## What you need to do
The part below that opens with the line containing "I love this" and closes with the line containing "除此之外,烹饪和只要还能有几" should be copied exactly, minus any pictures.

## Data supplied
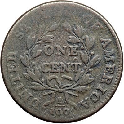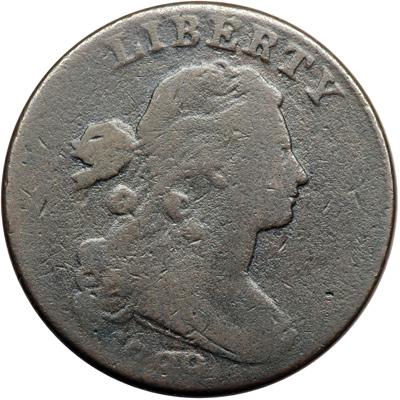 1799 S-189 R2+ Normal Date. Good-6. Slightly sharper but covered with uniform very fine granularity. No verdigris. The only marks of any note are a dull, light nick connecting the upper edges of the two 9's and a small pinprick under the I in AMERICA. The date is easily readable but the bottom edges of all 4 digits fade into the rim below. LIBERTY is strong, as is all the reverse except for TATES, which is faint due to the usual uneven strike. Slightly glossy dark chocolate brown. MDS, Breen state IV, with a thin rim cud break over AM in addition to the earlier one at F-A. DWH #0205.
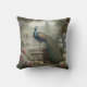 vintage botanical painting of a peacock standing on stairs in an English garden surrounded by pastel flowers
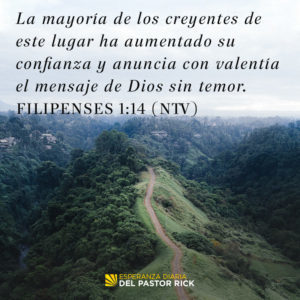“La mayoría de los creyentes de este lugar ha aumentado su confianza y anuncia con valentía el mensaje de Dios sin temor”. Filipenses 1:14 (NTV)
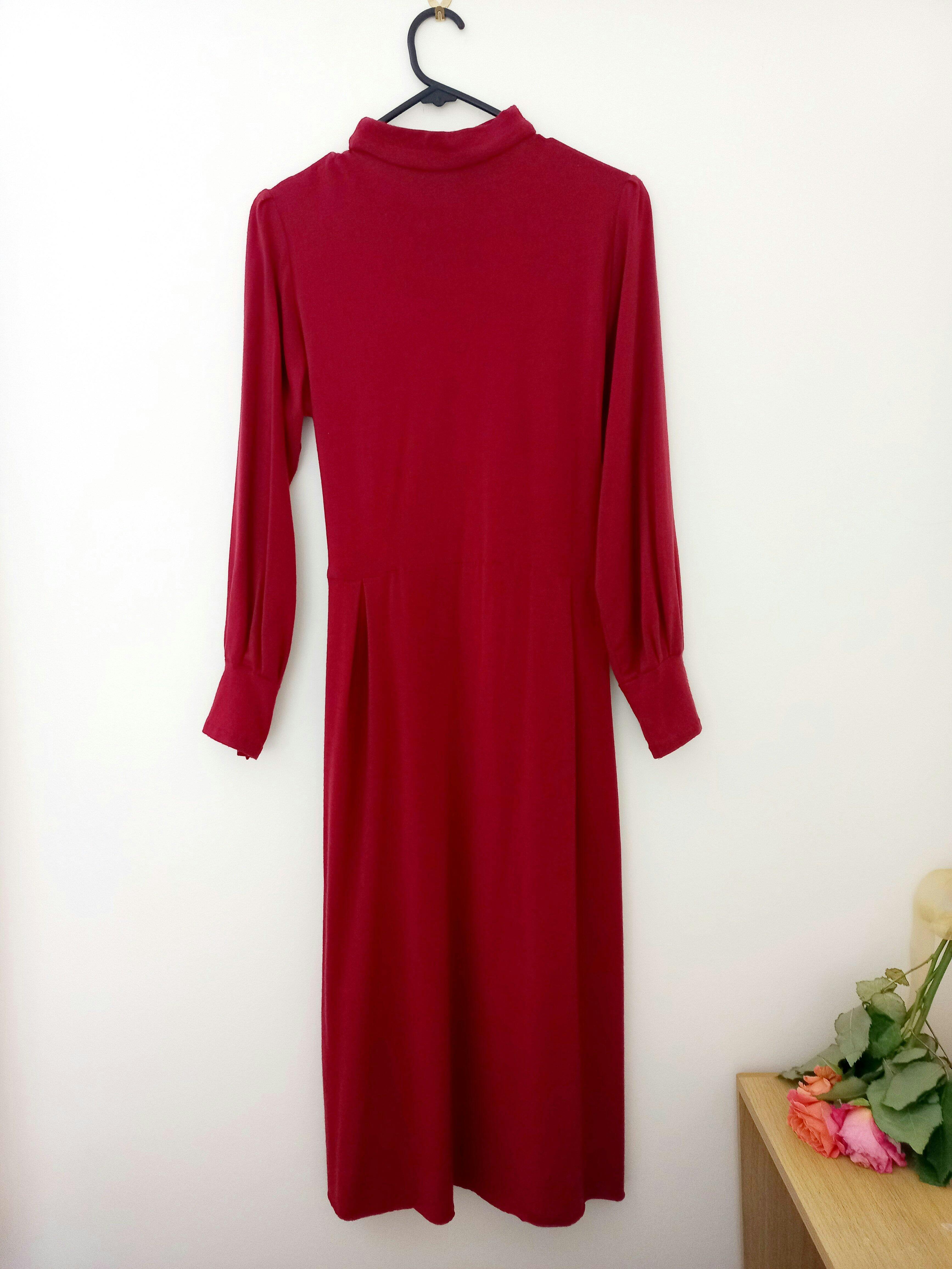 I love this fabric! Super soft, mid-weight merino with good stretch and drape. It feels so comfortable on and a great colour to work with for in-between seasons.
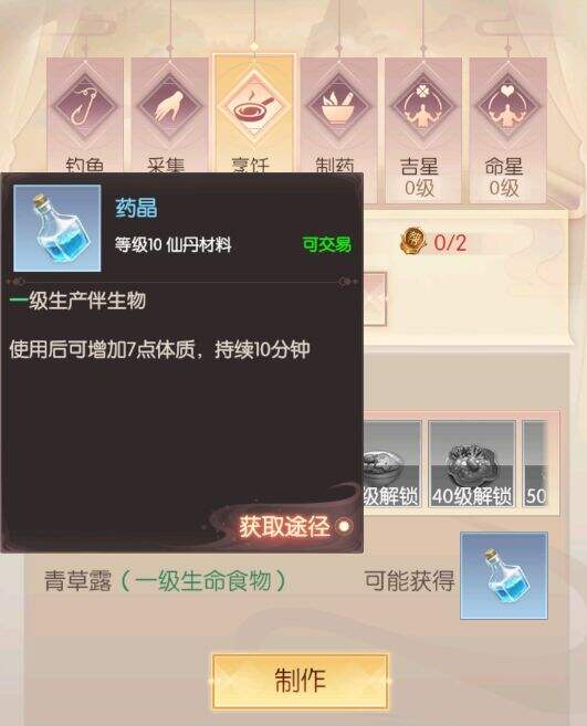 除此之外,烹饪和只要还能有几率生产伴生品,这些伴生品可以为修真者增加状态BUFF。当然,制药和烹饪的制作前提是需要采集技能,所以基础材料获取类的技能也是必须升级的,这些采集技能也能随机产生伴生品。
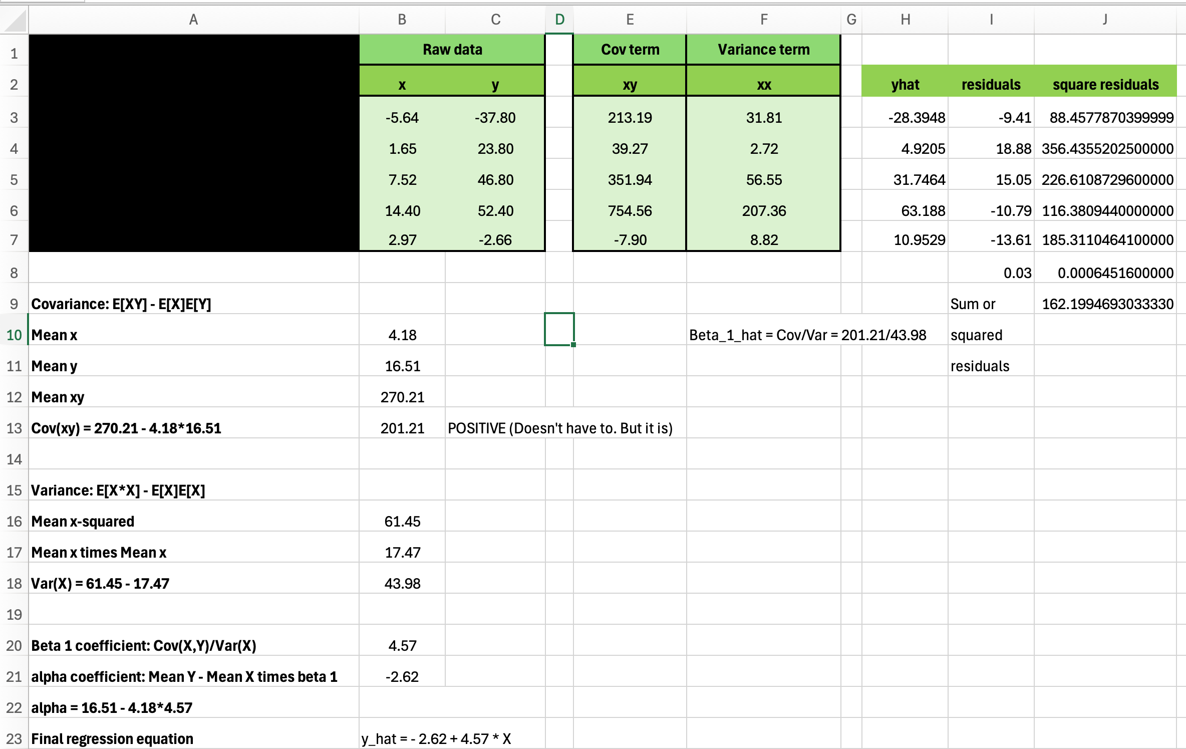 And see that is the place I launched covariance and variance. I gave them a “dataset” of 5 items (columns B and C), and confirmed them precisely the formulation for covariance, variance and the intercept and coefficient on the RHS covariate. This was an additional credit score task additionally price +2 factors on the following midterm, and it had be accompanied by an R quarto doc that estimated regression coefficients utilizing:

## Response to this exercise
 I love this fabric! Super soft, mid-weight merino with good stretch and drape. It feels so comfortable on and a great colour to work with for in-between seasons.
 除此之外,烹饪和只要还能有几率生产伴生品,这些伴生品可以为修真者增加状态BUFF。当然,制药和烹饪的制作前提是需要采集技能,所以基础材料获取类的技能也是必须升级的,这些采集技能也能随机产生伴生品。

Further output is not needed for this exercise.